"Mitch Vincent" <mitch@venux.net> writes:
> Well, all you're doing with pg_dump is getting a snapshot of the database at
> a single point in time -- as pg_dump reads the data out of the tables, I'm
> sure that it won't go back and re-read tables that have changed since it was
> first started. On the other hand, if pg_dump is busy on table A and table Z
> changes, even though it's after the pg_dump process starts, I would assume
> the changes to table Z would get dumped.

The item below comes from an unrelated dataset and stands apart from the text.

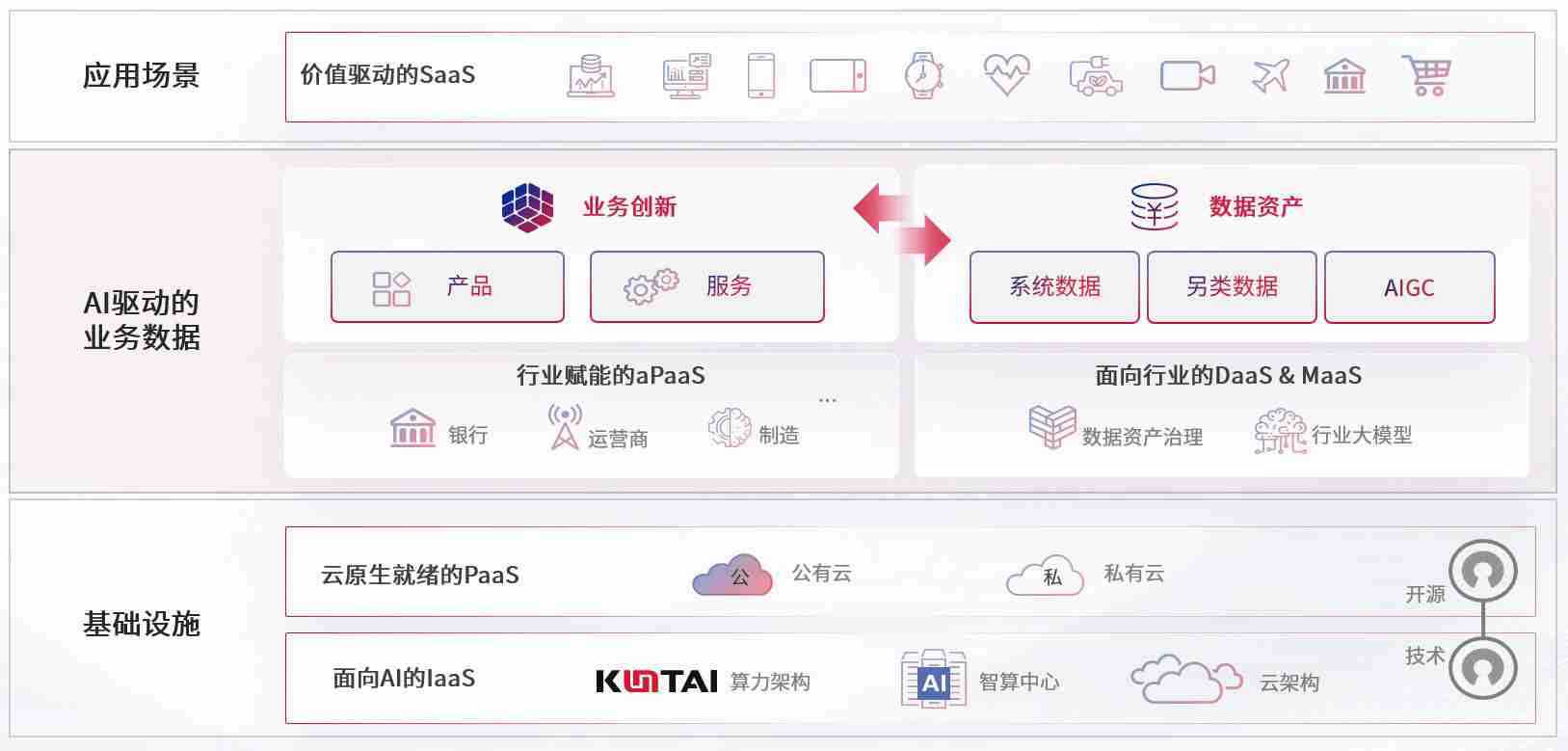 数字时代,,,围绕企业数字化转型的关键要素,,,z6com尊龙数码开创性的提出数云融合战略和技术体系框架,,,着力在云原生、、数字原生、、、、AI原生和信创产业上架构产品和服务能力,,,,为处在不同数字化转型阶段的快消零售、、、汽车、、、、金融、、医疗、、、、政企、、、、教育、、、运营商等行业客户提供泛在的敏捷IT能力和融合的数据驱动能力,,构建跨界融合创新的数字业务场景和新业务模式,,,,助力企业级客户建立面向未来的核心能力和竞争优势,,全面推动社会的数字化、、、、智能化转型升级。。

> I'm assuming a lot -- all of that is based on the fact that I've never seen
> pg_dump lock the whole database down (though I do think it locks the table
> it's dumping while it's dumping it)..
Under MVCC, pg_dump doesn't lock much of anything --- ordinary read
and write transactions can proceed with abandon. You would see some
interlocking behavior with schema-altering commands (eg, ALTER or DROP
TABLE) but not with updates of user data. The general rule for
SELECT-only transactions, which is what a pg_dump run is, is that the
transaction sees all and only that data written by transactions that
committed before it started.
I've just finished putting together a talk about MVCC transaction
processing --- both how it behaves and how it's implemented --- for
the upcoming OSDN database conference. I think the slides for that
talk are fairly self-contained and might be of general interest;
shall I brace Vince about putting them up on the website?